About this exercise: The lines to be extracted begin at the line containing "The pool is" and end at the last line of the data below; copy them exactly and leave out the pictures.

Recorded data:
Content starts

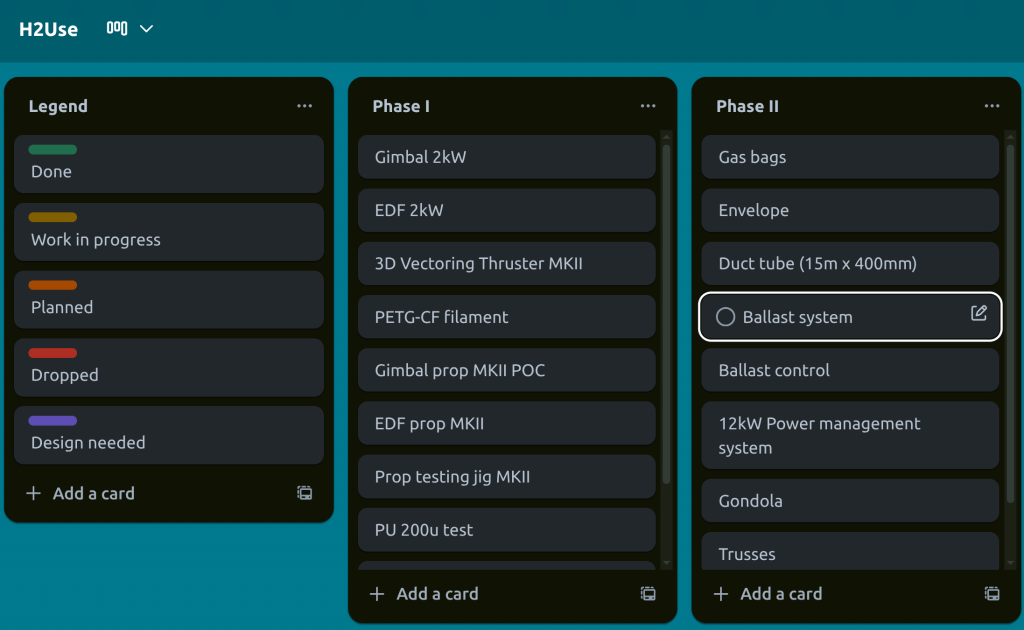 Our very first website post goes all the way back to June 4, 2020 at 2:11 AM and the Trello plan first hit the blog around December 19, 2021. Since then, the real magic happened inside the Projects section — our testing ground for everything we needed to make flying with hydrogen a reality. Here’s the greatest hits list:
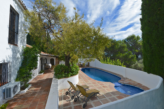 The pool is perfect for young children which incorporates a shallow (40 cm deep) pool which flows into the main pool ... both of which can be heated (additional charge). The main terrace & pool at Finca Los Gemelos are situated immediately outside the lounge and are all on the same level. Sun loungers and a parasol are provided for your use - and you can help yourself to the lemons from the trees but don't forget to bring your own G&T!
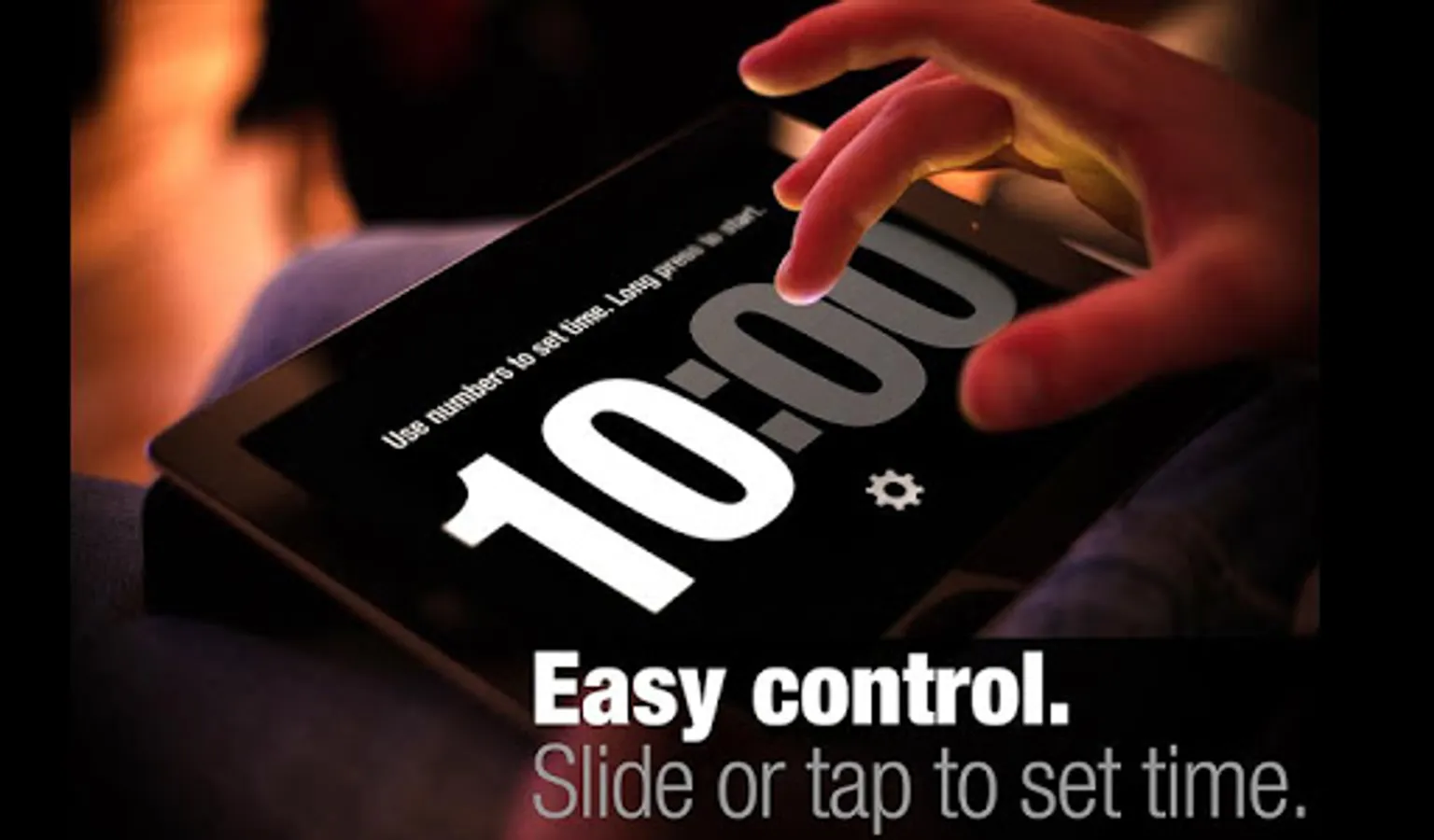 ● Easy control. Swipe & tap to set your time in seconds.

Content ends

Solution to this problem:
 The pool is perfect for young children which incorporates a shallow (40 cm deep) pool which flows into the main pool ... both of which can be heated (additional charge). The main terrace & pool at Finca Los Gemelos are situated immediately outside the lounge and are all on the same level. Sun loungers and a parasol are provided for your use - and you can help yourself to the lemons from the trees but don't forget to bring your own G&T!
 ● Easy control. Swipe & tap to set your time in seconds.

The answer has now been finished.